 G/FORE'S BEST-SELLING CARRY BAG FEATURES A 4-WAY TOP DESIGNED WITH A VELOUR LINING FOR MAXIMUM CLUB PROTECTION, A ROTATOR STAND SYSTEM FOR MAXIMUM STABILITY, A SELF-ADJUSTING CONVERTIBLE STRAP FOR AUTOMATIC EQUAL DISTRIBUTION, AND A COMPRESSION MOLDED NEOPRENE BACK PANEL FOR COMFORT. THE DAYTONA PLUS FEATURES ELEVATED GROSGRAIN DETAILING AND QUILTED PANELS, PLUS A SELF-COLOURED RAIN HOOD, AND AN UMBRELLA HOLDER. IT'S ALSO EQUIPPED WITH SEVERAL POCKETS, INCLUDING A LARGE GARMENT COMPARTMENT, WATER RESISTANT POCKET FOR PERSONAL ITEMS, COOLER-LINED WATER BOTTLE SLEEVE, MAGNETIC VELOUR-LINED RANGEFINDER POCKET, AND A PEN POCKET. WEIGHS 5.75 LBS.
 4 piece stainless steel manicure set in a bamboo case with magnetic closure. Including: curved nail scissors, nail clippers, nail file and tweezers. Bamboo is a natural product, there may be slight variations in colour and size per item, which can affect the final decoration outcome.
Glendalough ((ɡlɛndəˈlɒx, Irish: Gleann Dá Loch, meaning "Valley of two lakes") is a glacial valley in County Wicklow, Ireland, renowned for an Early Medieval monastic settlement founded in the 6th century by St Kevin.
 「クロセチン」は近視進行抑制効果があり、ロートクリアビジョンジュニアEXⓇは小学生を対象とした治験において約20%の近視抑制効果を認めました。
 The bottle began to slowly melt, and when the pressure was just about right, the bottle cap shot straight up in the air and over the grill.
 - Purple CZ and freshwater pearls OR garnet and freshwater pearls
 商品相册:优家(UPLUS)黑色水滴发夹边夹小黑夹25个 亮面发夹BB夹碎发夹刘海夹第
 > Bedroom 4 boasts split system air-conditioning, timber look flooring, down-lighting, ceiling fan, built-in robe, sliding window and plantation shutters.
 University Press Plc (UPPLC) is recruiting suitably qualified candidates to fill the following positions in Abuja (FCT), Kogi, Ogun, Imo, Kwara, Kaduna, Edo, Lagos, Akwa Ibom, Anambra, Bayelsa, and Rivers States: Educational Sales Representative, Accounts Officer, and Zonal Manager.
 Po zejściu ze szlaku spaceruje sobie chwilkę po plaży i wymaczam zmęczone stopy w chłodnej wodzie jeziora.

★ ★ ★ ★ ★

» **Exercise prompt**
Starting with the line above that holds "商品相册:优家(UPLUS)" and stopping with the line that holds "and plantation shutters.", reproduce each line exactly, omitting all other lines.

» **Worked solution**
 商品相册:优家(UPLUS)黑色水滴发夹边夹小黑夹25个 亮面发夹BB夹碎发夹刘海夹第
 > Bedroom 4 boasts split system air-conditioning, timber look flooring, down-lighting, ceiling fan, built-in robe, sliding window and plantation shutters.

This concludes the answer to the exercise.